INSTRUCTIONS TO FOLLOW> Copy out every line holding the string "Water" from the records below.

RECORDS FOR THE TASK>
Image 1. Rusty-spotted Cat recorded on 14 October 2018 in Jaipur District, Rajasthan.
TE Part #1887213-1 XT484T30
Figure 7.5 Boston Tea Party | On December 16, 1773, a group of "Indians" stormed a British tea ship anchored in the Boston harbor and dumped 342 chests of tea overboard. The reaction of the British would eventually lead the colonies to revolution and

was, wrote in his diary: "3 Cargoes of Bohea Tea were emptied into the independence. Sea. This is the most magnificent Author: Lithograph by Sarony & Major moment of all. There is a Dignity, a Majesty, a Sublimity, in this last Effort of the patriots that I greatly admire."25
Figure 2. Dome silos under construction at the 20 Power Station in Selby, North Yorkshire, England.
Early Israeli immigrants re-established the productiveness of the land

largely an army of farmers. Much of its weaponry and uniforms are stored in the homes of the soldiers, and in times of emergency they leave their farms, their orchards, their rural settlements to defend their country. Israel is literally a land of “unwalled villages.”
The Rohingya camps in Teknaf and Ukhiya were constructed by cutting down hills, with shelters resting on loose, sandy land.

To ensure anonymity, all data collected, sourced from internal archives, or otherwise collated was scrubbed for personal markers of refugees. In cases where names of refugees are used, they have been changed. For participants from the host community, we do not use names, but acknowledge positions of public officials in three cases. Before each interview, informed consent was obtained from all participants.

--

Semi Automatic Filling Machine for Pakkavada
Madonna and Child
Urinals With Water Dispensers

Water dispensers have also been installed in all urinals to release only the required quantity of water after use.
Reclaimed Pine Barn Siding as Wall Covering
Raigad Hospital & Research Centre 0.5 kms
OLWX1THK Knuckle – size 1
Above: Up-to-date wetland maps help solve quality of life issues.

EXERCISE OUTPUT>
Urinals With Water Dispensers
Water dispensers have also been installed in all urinals to release only the required quantity of water after use.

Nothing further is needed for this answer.